La lutte contre la hiérarchie passe par une lutte contre ce double mouvement, par une série de revendications telles que:

a) Formation permanente pour tous sur le temps de travail permise par la réduction massive du temps de travail, formation à la fois professionnelle "spécialisée" et universitaire "générale".

b) Reconnaissance de la qualification acquise à la fois comme acquis "scolaire" et comme acquis du "savoir faire".

c) Simplification des catégories visant à unifier les travailleurs selon le principe à travail égal salaire égal. Mais dans cette révision de la grille hiérarchique, les travailleurs doivent être guidés non pas par la définition d'une "juste hiérarchie", ce qui ne peut que semer la division et finalement justifier la division du travail, mais en fonction de critères de lutte de classes. Par exemple, en se fixant l'unification des grilles par branche professionnelle, en se fixant sur la meilleure grille existant dans chaque branche. Définition de parité entre les branches quand cela correspond à un travail et une qualification comparables, etc. (en refusant de prendre en compte la situation des cadres supérieurs directement liés au patronat).

e) Suppression du travail au rendement, intégration des primes au salaire, publicité intégrale des salaires, la lutte contre la hiérarchie des fonctions et contre la hiérarchie des salaires étant indissolublement liés.

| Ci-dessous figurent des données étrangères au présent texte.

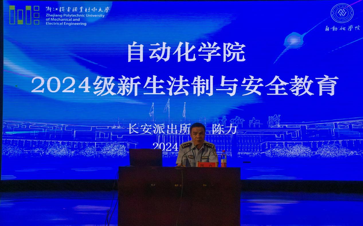 为了强化2024级新生的安全意识,提升同学们的安全素养,9月14日晚,自动化学院于海宁校区小剧场开展了一场题为“2024级新生法制与安全教育”的专题讲座,邀请到长安派出所陈力警官主讲,学院辅导员、班主任、团学干部及2024级全体新生共同参与,讲座由学工办主任孟进主持。
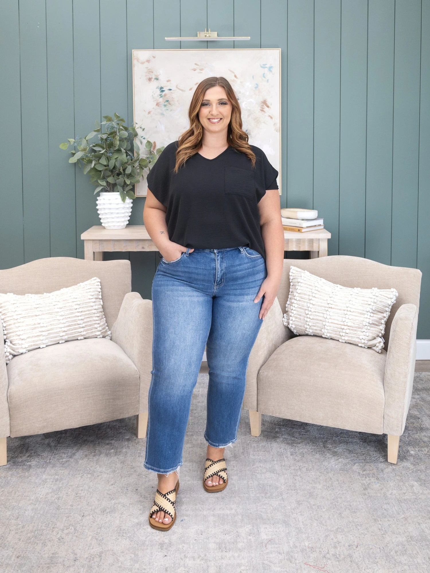 Erin is 5’8, 36C bra, typically wears size L/XL in tops and 14/15 in denim. Wearing size 15. These fit tts. The 15 is a locked and loaded fit for me. If you are between sizes you can size up for a looser fit or size down for a locked and loaded fit.
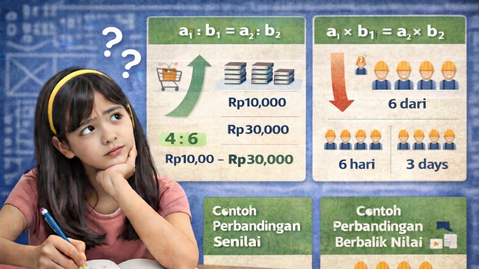 Agar tidak tertukar lagi, berikut panduan cara menghitung perbandingan senilai dan berbalik nilai, lengkap dengan pengertian, rumus, dan contoh yang sering muncul di soal.

f) Suppression pure et simple des fonctions de "flics" patronaux. Remise en cause des fonctions d'encadrement dont les tâches d'organisation technique du travail, nécessaires, pourraient facilement être réalisées à tour de rôle par les travailleurs ou par un travailleur élu et révocable par ses camarades.

Mais si cette revendication est assez facilement réalisable dans une situation de contrôle ouvrier où les travailleurs mobilisés sont susceptibles de faire respecter leur volonté contre la légalité de l'entreprise, de séparer rôle d'encadrement-flic et rôle d'organisation technique. En élisant un de leurs camarades à ce rôle, en dehors d'une telle situation, les travailleurs risquent fort, non pas de remettre en cause la hiérarchie, mais de la cautionner de leurs voix. L'élection de la maîtrise par les travailleurs est donc indissociable de la remise en cause de sa fonction et plus généralement des rapports de production.

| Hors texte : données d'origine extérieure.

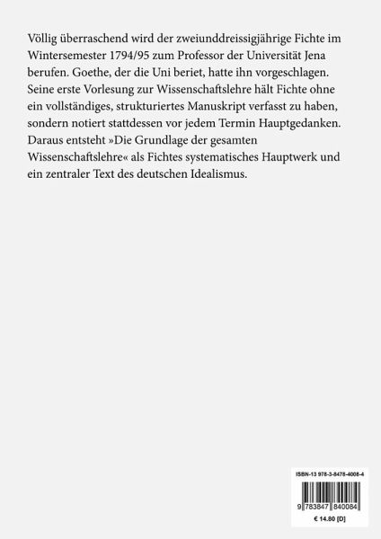 Johann Gottlieb Fichte: Grundlage der gesammten Wissenschaftslehre Lesefreundlicher Großdruck in 16-pt-Schrift Völlig überraschend wird der zweiunddreissigjährige Fichte im Wintersemester 1794/95 zum Professor der Universität Jena berufen. Goethe, der die Uni beriet, hatte ihn vorgeschlagen. Seine erste Vorlesung zur Wissenschaftslehre hält Fichte ohne ein vollständiges, strukturiertes Manuskript verfasst zu haben, sondern notiert stattdessen vor jedem Termin Hauptgedanken. Daraus entsteht »Die Grundlage der gesamten Wissenschaftslehre« als Fichtes systematisches Hauptwerk und ein zentraler Text des deutschen Idealismus. Großformat, 210 x 297 mm Berliner Ausgabe, 2019 Durchgesehener Neusatz mit einer Biographie des Autors bearbeitet und eingerichtet von Theodor Borken Erstdruck: Jena (Gabler) 1794/95; 2. verbesserte Ausgabe: Jena (Gabler) 1802. Der Text folgt der ersten Ausgabe, Veränderungen bzw. Zusätze der 2. Ausgabe erscheinen in den Fußnoten. Textgrundlage ist die Ausgabe: Johann Gottlieb Fichtes sämmtliche Werke. Herausgegeben von I. H. Fichte, Band 1-8, Berlin: Veit & Comp., 1845/1846. Dieses Buch folgt in Rechtschreibung und Zeichensetzung obiger Textgrundlage. Umschlaggestaltung von Thomas Schultz-Overhage. Gesetzt aus der Minion Pro, 16 pt. Henricus Edition Deutsche Klassik UG (haftungsbeschränkt)

En effet, c'est lors des luttes et grâce à leur auto-organisation que les travailleurs peuvent et doivent poser les problèmes de nouveaux rapports de production, d'une nouvelle répartition des tâches entre les travailleurs eux-mêmes, ce qui suppose une nouvelle définition de ces tâches.

Mais avancer une telle perspective hors d'une telle situation de contrôle ouvrier, c'est-à-dire sans réel changement de "rapport de pouvoir" dans l'entreprise, c'est tomber dans le panneau des différentes réformes de l'entreprise (direction participative par objectif, enrichissement des tâches, etc.).